Rested Lakers prepare for league final

Joey Payeur

The coaching staff of the Fort Frances Lakers must feel more like travel agents lately with all the extended vacations they’ve had to plan.
Head coach and general manager Wayne Strachan first had to deal with a 12-day stretch between the Lakers’ last regular-season game and its first playoff contest.
Then there’s the current break, which hit six days today and could end up being 10 before the two-time defending SIJHL champs face their next opponent.
Fort Frances took care of its own business in crisp fashion last week—sweeping its best-of-seven semi-final series against the English River Miners.
But as of last night, the other semi-final still was up for grabs, with the Dryden GM Ice Dogs leading the Thunder Bay North Stars 3-2.
Game 6 was scheduled for last night in Thunder Bay, with the outcome not known by press time.
An Ice Dogs’ win means Game 1 of the SIJHL final will be at the Ice For Kids Arena possibly tomorrow night.
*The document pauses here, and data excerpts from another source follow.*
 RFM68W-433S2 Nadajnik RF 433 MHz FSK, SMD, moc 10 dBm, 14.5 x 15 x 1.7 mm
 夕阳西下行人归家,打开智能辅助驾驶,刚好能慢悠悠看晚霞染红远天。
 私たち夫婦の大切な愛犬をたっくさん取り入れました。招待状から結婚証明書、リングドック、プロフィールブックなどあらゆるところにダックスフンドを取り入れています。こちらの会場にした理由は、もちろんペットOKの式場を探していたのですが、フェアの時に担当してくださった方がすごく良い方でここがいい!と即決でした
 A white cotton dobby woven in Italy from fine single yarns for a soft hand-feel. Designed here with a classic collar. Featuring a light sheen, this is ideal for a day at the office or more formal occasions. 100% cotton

But if Thunder Bay prevails, Game 7 of that series would be pushed to Friday in Dryden.
That likely would translate into the final not getting underway until Sunday here.
Strachan has tried to keep his team’s preparation routine as normal as possible throughout the extended gaps between games.
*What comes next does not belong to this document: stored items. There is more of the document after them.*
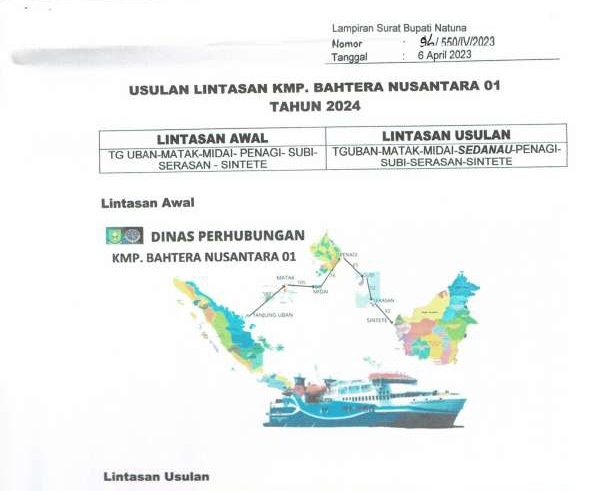 Jadi usulan pembangunan, hingga sandar kapal, sambungnya, murni usulan Bupati Natuna Wan Siswandi. Sedangkan surat usulan sandar Kapal RoRo ditujukan ke Kepala BPTD Wilayah IV Riau Kepulauan Riau. Surat dikirimkan pada 6 April 2023, dengan nomor: 96/5550/IV/2023.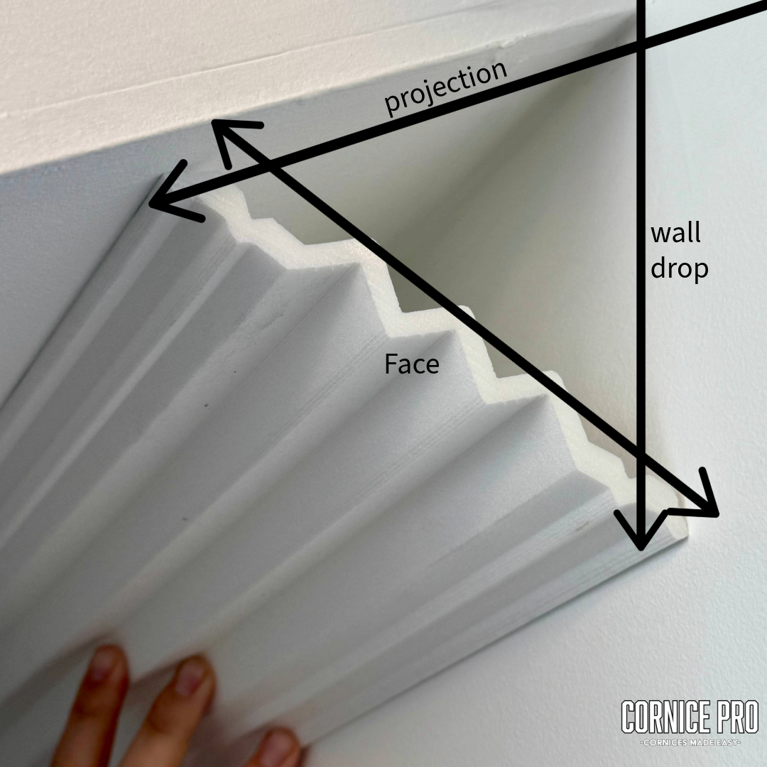To measure the drop you would place a ruler or a tape measure at the bottom of the cornice and measure straight up towards the ceiling.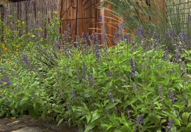 While our blue skies are recently rare, my blue fix is provided by patches of Henry Duelberg Sage, Salvia farenacia.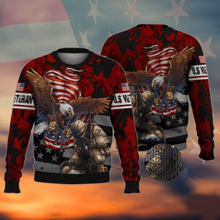 Veteran Sweatshirt Veteran Soilder Bald Eagle Graphic Sweatshirt Red Unisex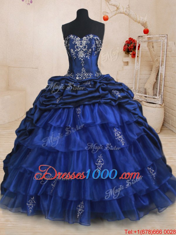 Spectacular Pick Ups Ruffled Royal Blue Sleeveless Organza and Taffeta Brush Train Lace Up Sweet 16 Quinceanera Dress for Military Ball and Sweet 16 and Quinceanera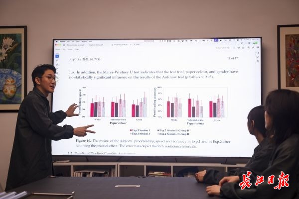刘强教授团队成员讨论不同光源颜色、纸张颜色等条件对阅读速度、阅读准确度的影响。记者 胡冬冬 摄

“It’s not really that much of a different approach this time,” he said, referring to maintaining the squad’s level of sharpness during the two breaks.
“We took a couple of days off again to recuperate,” he noted.
“Sunday, we skated and had an off-ice activity, and now we will run a regular schedule working on the same tendencies to prepare for Game 1 and our next opponent.”
Strachan is pleased with how the Lakers don’t seem to have lost their edge despite their relative inactivity in recent weeks.
“I thought our intensity and jump was good through our last two skates,” he remarked.
“Sunday we did a bunch of flow and conditioning drills,” he noted.
“Monday, we got more into flow drills and started to emphasize our defensive game, and we will further get into systems as practice goes on in the week.”
One of the worst interview questions, with the most predictable of answers, always has been inquiring which opponent a team would like to face in an upcoming playoff series.
Hardly anybody wants to respond truthfully at risk of ending up providing bulletin board material.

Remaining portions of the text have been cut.